Writers who come under the lower pay bracket can work 50% longer than those who earn over $150,000 as they can be “uniquely vulnerable to producers’ demands for free work”, the report continues. The example is given that writers employed under “one-step deals” are required to turn in a first draft but can be asked to do rewrites for free before they receive the 50% payment balance upon delivery.

“In this context, screen minimums are far too low,” the Guild asserts. “The current minimum for a first draft non-original screenplay is just $60,932, which is only 1.2% of the minimum budget threshold of $5 million – or 0.3% of a still-modest $20 million budget.”

With regard to television, the report claims comedy-variety writers working for streaming services lack the most basic protection of MBA minimums, referring to the Minimum Basic Agreement collective bargaining arrangement that covers benefits, rights, and protections.

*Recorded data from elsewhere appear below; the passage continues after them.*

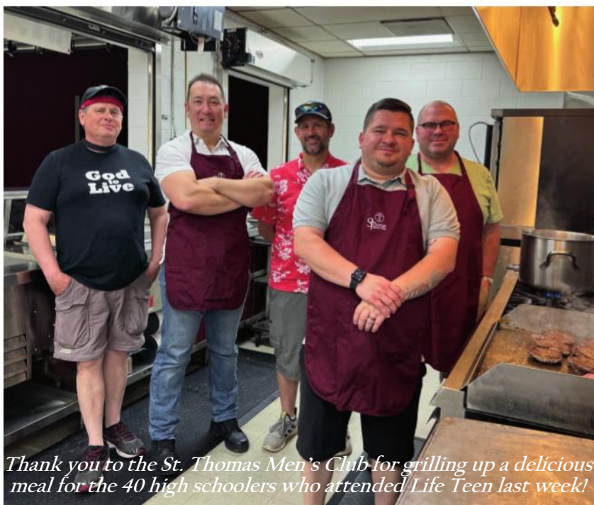
Thank you to the St. Thomas Men's Club for grilling up a delicious meal for the 40 high schoolers who attended Life Teen last week!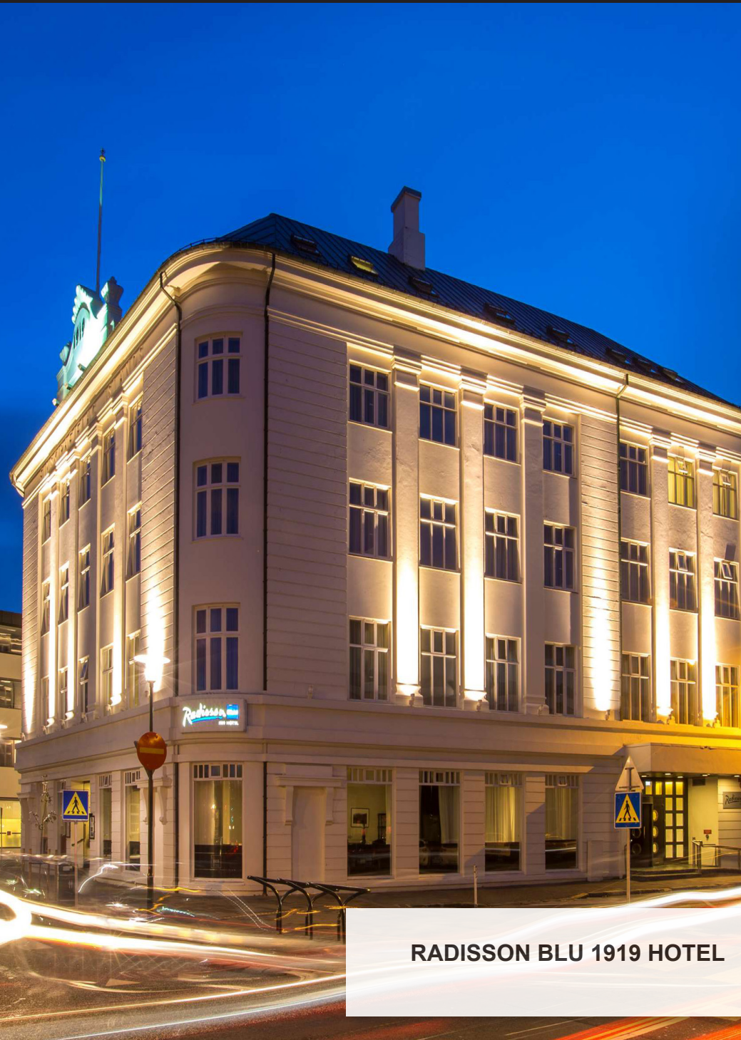
RADISSON BLU 1919 HOTEL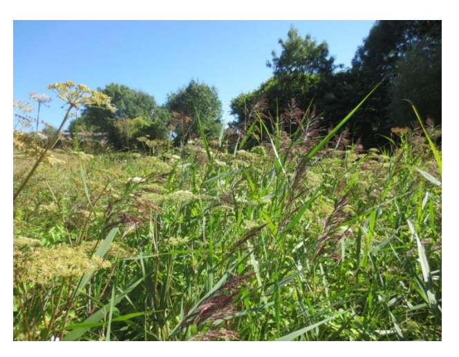
A sea of wild angelica flowers,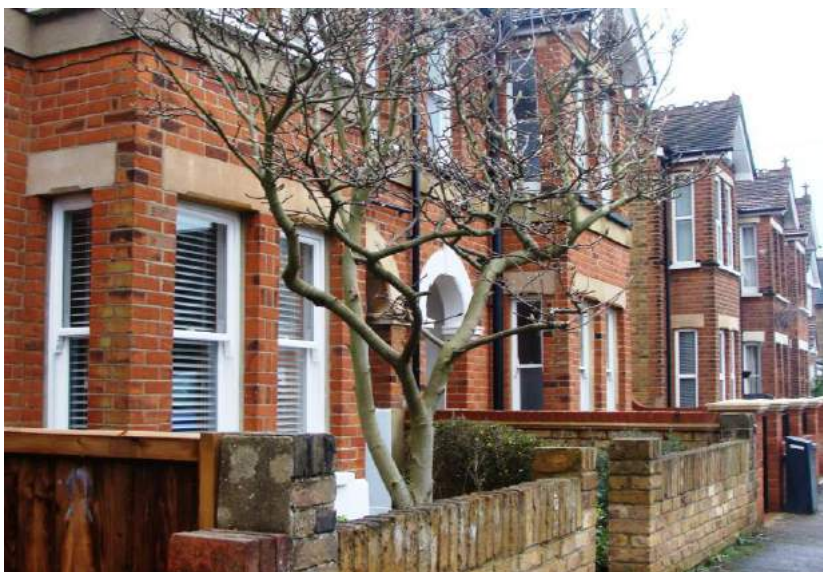
Picture 69. Good quality bay window detailing and recessed entrances, Fanshawe Street.

5.141. Nos. 1-37 Fanshawe Street. Late 19th/early 20th century housing, detached, semi detached and terraced. Slate roof with chimneys and pots. Variety of window types including bay windows to both ground and both floors. Particularly fine window detailing to No.33. Nos. 7-17 strong feature in street scene with canopies and detailing to upper windows. Some replacement windows. An Article 4 Direction to provide protection for selected features may be appropriate subject to further consideration and notification.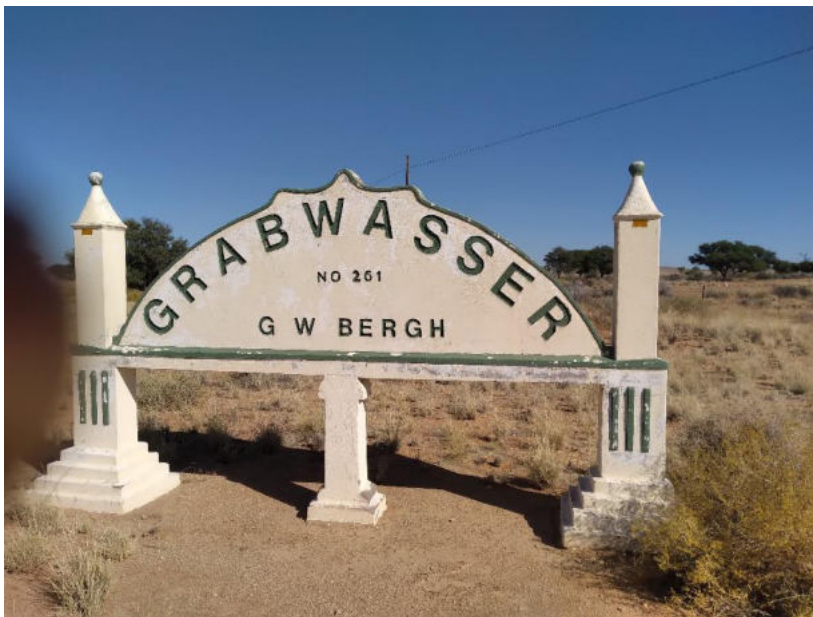
Fig 1 , Showing entrance to one of the farms in the EPL 8724 area.

Masioline Zeenaro Kasiringua, (the Proponent) holds mineral rights under the Exclusive Prospecting License (EPL) No. 8724 for Base, Rare Earth Elements and Industrial Minerals. The EPL 8724 was partially granted on the 28/3/2022. The EPL was partially granted pending ECC on 28 th March 2023. The EPL No. 8724 is located in the Karasburg District of the Karas Region, in the southern Namibia. The EPL is located to the southwest of the settlement of Grunau. The EPL 8724 area totaling 13064.6555 Ha cover parts of the following private farmlands: Nakais-11, Grabwasser-261, 408 Gamkab and Grunau N.W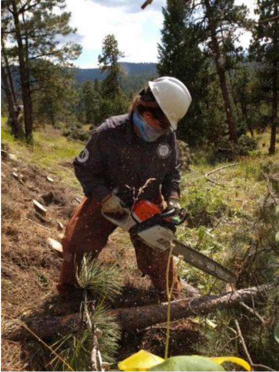
Mile High Youth Corps forestry work - https://www.milehighyouthcorps.org/report/

creating the corps. In this, these individuals provided recommendations regarding youth engagement barriers, corps sizing, funding, structure, and other working components that were considered necessary to make the recommendation for this project.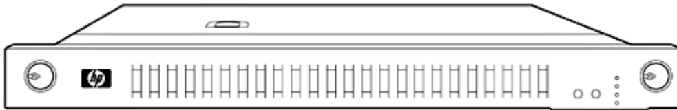
HP StorageWorks Secure Key Manager

The HP StorageWorks Secure Key Manager provides centralized key management for HP StorageWorks Enterprise Storage Libraries (ESL) E-series Tape Libraries, HP StorageWorks Enterprise Modular Library (EML) E-series Tape Libraries and the HP StorageWorks Encryption SAN Switch. In addition to the clustering capability, the Secure Key Manager provides comprehensive backup and restore functionality for keys, as well as redundant device components and active alerts. The Secure Key Manager supports policy granularity such as a key per library partition to a key per tape cartridge and allows for additional client types in the future needing key management services. Keep your confidential data secure yet highly available with automated management for your encryption keys using the HP Secure Key Manager, a member of the "HP Secure Advantage" portfolio.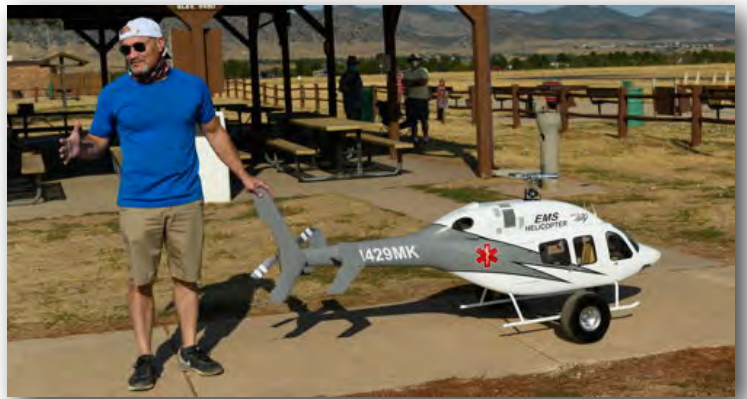
It's 7.5 feet long and has a 2.3 meter rotor disk with aluminum blades. It has actual blue/red police strobes.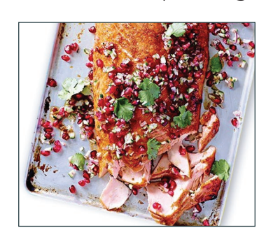
$190 Approx. 15 serves Served cold

Roasted salmon side, creme fraiche, chermoula, pomegranate (gf)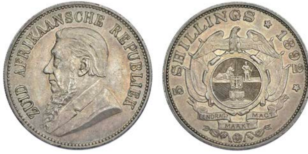
1536 Paul Kruger , Crown, 1892, single shaft (Hern Z37; KM. 8.1). Very fine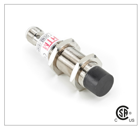
Note: The product images shown may change over time as products are updated.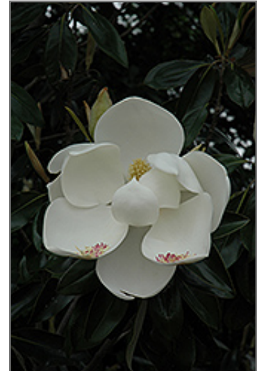
Teddy Bear Magnolia flowers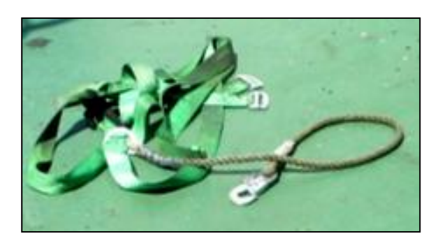
Figure 4: The fall arrester in use at the time of the accident

After the completion of the work, disengaging this particular type of fall arrester (Figure 4) from its anchor point was essential for the individual crew member to climb down from the grab.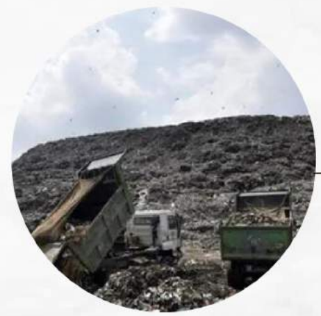
In 300 Years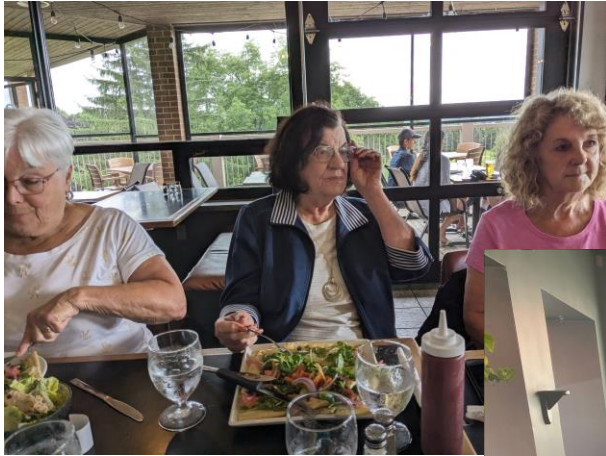
The August, September and October luncheon groups.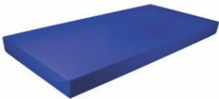
PLAIN MATTRESS CODE - AP35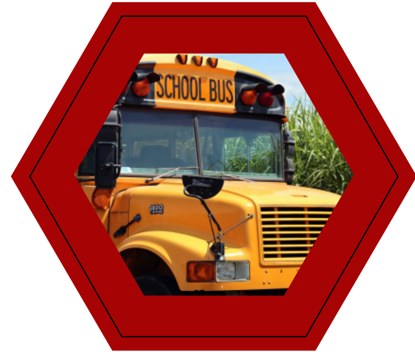
Debt Service Fund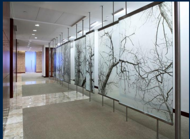
Laminated Glass "Art Work"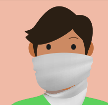
1-Layer Neck Scarf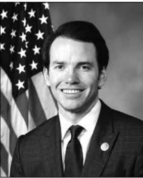
Kevin Kiley Congressman Kevin Kiley News Release

WASHINGTON, D.C. (MPG) - As the anti-Immigration and Customs Enforcement (ICE) riots continue to be violent and dangerous in Los Angeles, Rep. Kevin Kiley (R-CA) is developing legislation that would make Non-Governmental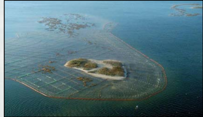
Restoration work in Jamaica Bay, NY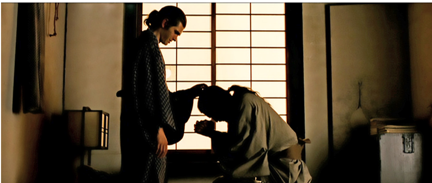
Figure 9.3 The peace of repentance in Silence .

As Kichijiro kneels down, the audience hears Rodrigues's interior prayer: 'Lord I have fought against Your silence.' Then the voice of Jesus is heard: 'I suffered beside you. I was never silent.' Placing his hand on Kichijiro's head as a sign of forgiveness, Rodrigues continues his dialogue with Jesus. In tears, he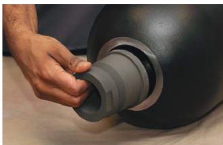
11) Remove the Top adaptor from the shell.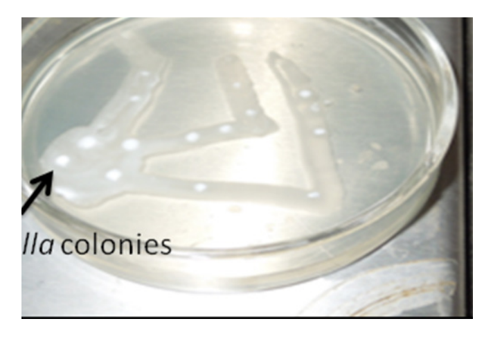
Fig. 1. Brucella colonies on Brucella agar medium plate. Brucella colonies are smooth, round and glistening.

Total ten milk samples subjected to MRT were also processed for isolation of Brucella abortus , for which Brucella agar medium (BAM) was used as a primary culture medium. From the milk samples, milk and creamy layer separately, were inoculated on BAM under 10 per cent CO_2 tension conditions for 15 days. The round, glistening and smooth colonies (Fig. 1) on of BAM were further streaked on MacConkey agar (MA). The nonlactose fermenting isolates on MA plates were presumed to be that of Brucella . Of the 20 milk samples processed, only one (10%) presumptive isolate of Brucella was obtained.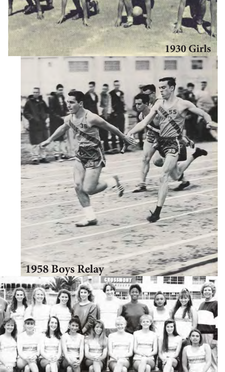
1992 Girls Track Team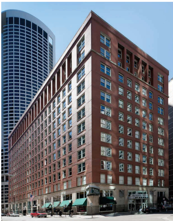
The Railroad Retirement Board is in the Lipinski Federal Building in Chicago.

Until recently, RRB's building had toilets that used three gallons of water per flush. The agency needed to upgrade its fixtures to fulfill Executive Order 13514 for Federal Leadership in Environmental, Energy, and Economic Performance, which mandates that federal agencies reduce potable water use two percent annually through 2020. Using this mandate as a goal, as well as the results of a comprehensive water and energy analysis completed in 2010, RRB's facilities and acquisitions teams worked together on a focused plan that detailed the requirement for specific makes and models of toilets.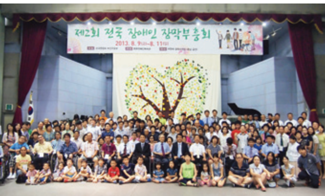
The 2nd Camp Meeting Participants

Korean Union Conference (KUC) Health Ministries and Relief Department held the Second Annual Campmeeting for People with Disabilities at the Madalpy Training Center from August 9 to 11, 2013. The 205 people, including Adventist members with disabilities and their families, gathered from all over Korea to build friendships, and to be united by the Word. A variety of meaningful programs such as Sand Art, musical performances, Sabbath School by disability types, messages, outdoor exploration, and campfire were prepared. Disabled and non-disabled members gained joy, and spiritual vitality by participating together in downhill, rafting, swimming, and archery. Besides the foundation for unification of Adventist members with disabilities, their spiritual revival was laid through network leadership meeting by disability types.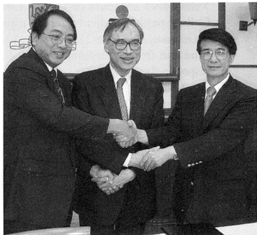
(From left) Prof. Tsui Lap-chee, Prof. Lawrence J. Lau, and Prof. Paul Chu

The Chinese University signed a Memorandum of Understanding on the establishment of the Joint Centre for Advanced Study with the University of Hong Kong, and the Hong Kong University of Science and Technology on 10th September. The memorandum enables the three institutions to deepen their collaboration and, by pooling resources and capitalizing on their respective strengths in postgraduate studies, enhance Hong Kong's capacity to provide some of the finest educational opportunities in the world.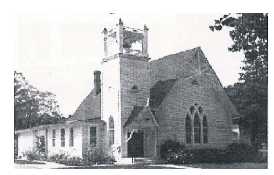
SALEM Methodist Protestant Church 1833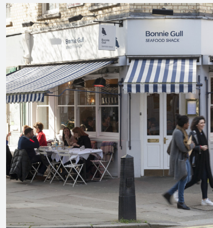
BONNIE GULL SEAFOOD SHACK, 21A FOLEY STREET, W1

THIS HISTORIC ARTISAN DISTRICT BRINGS ITS ECLECTIC STORY TO THE FORE WITH A MIX OF ARCHITECTURAL STYLES, WIDE STREETS MINGLING WITH COSY SIDE ALLEYS AND AN ABUNDANCE OF HIDDEN BAR AND RESTAURANT GEMS.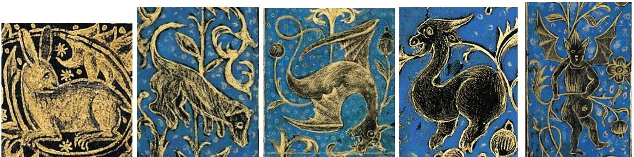
Various animals and a Demon

For the look of the Morgan Black Hours, fill in anything not to remain black with blue. Finally, edge and highlight the sketches with either gold, as seen in most of the clips above, or paint in polychrome as in the Sforza Black Hours. For color ideas, there are links to the digitized copies of both the Morgan Hours and Sforza Hours below.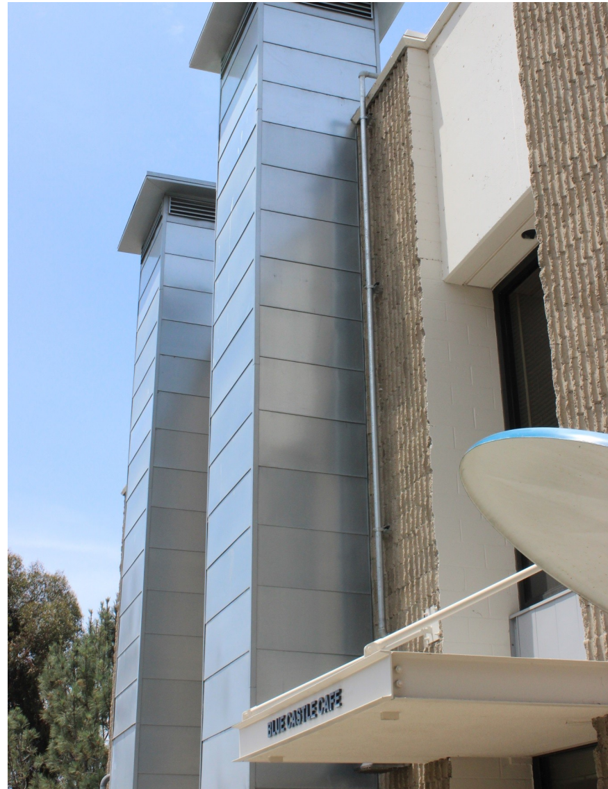
Culinary arts entrance and stainless steel vents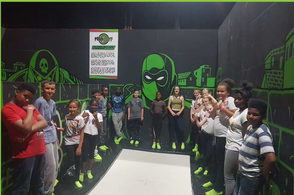
Club members at the 'Flip Out' trampoline arena

To get involved, contact Amy Rushton on 0121 525 5969 .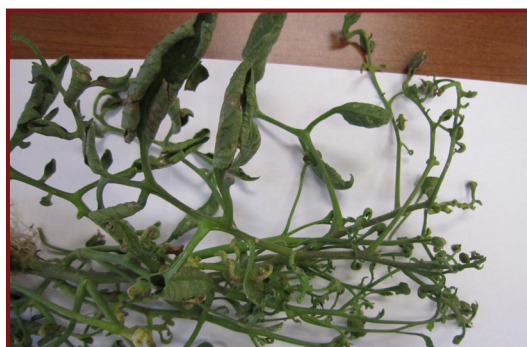
Figure 2. Severely twisted tomato leaves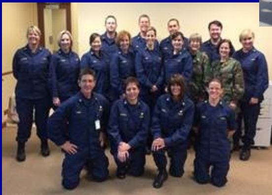
Above: Rapid Deployment Force (RDF) Team 4 holds Team Meeting and Training, October 18, 2014 in Oklahoma City, OK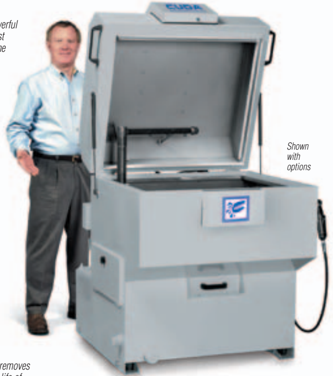
Shown with options

Oil skimmer automatically removes and collects free oils; prolongs life of wash water (standard feature).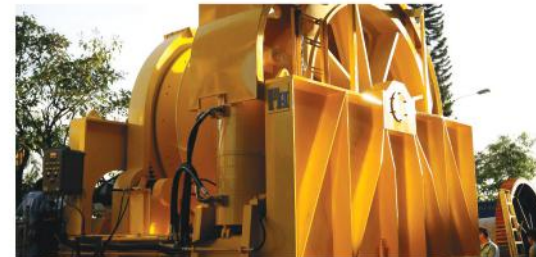
600 ton Turret Winch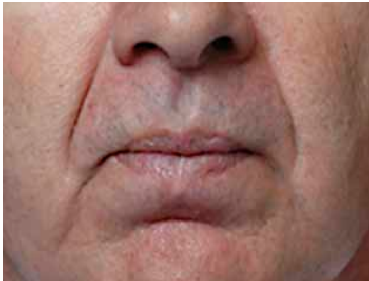
Nasolabial folds before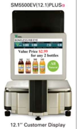
12.1" Customer Display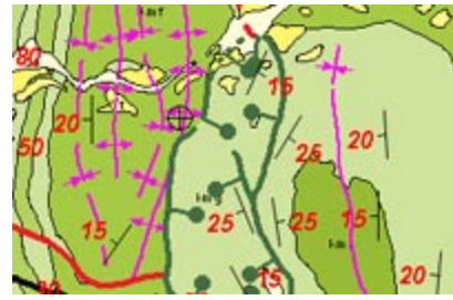
Geologic map point and line symbols created by CartoScript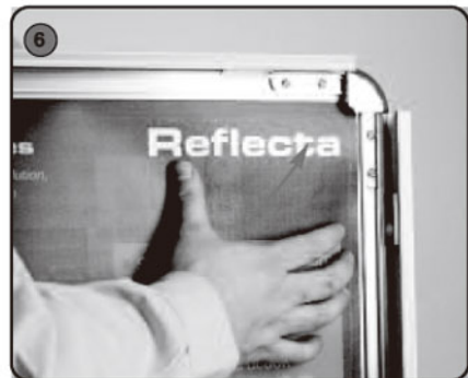
6 Fit the graphic into the snap frame.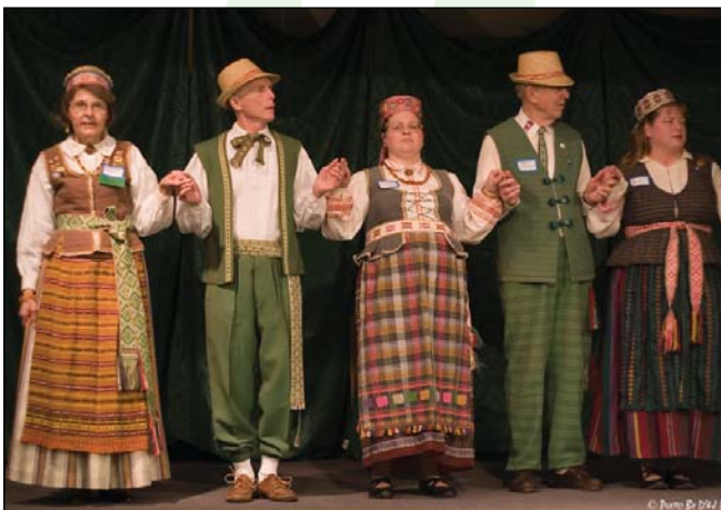
Independence Day 2008.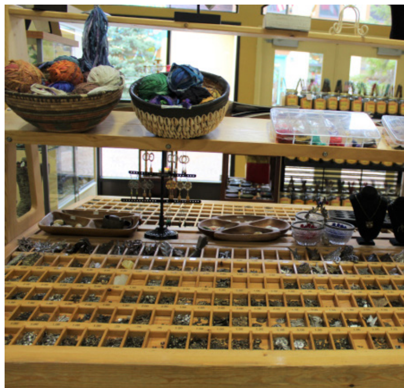
Bead Haven has many different styles of beads, pendants, brass filigree and unique clasps, so customers can choose their own supplies to create custom-made jewelry.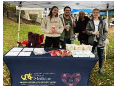
Drexel Health Outreach Project students

In 2021, a new Drexel connection was created when students at the newly established Drexel Medical School in West Reading reached out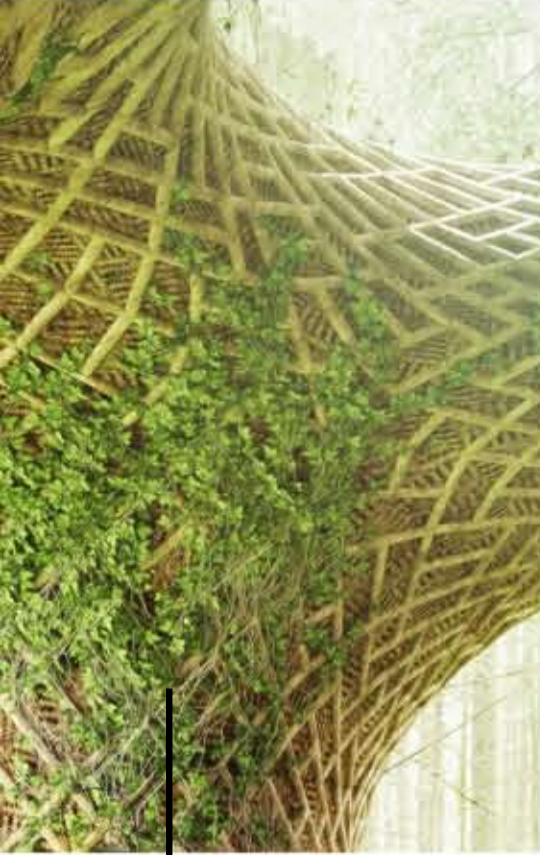
BAMBOO STRUCTURE WITH RATTAN INFILL

The Guild commences talks on Monday (March 20) with studio, streamer and network representative Alliance of Motion Picture & Television Producers. It will negtotiate for increased minimum compensation and higher residuals for reuse markets, and increased contributions to pension plan and health fund.

WGA negotiators will also address regulation of content produced by artificial intelligence, an increasingly pertinent issue in the age of tools like OpenAI’s platform ChatGPT, which is designed to converse with humans and help with tasks like composing emails. The application has fuelled wider concerns about A.I. replacing humans in the job market.

The current WGA contract expires on May 1.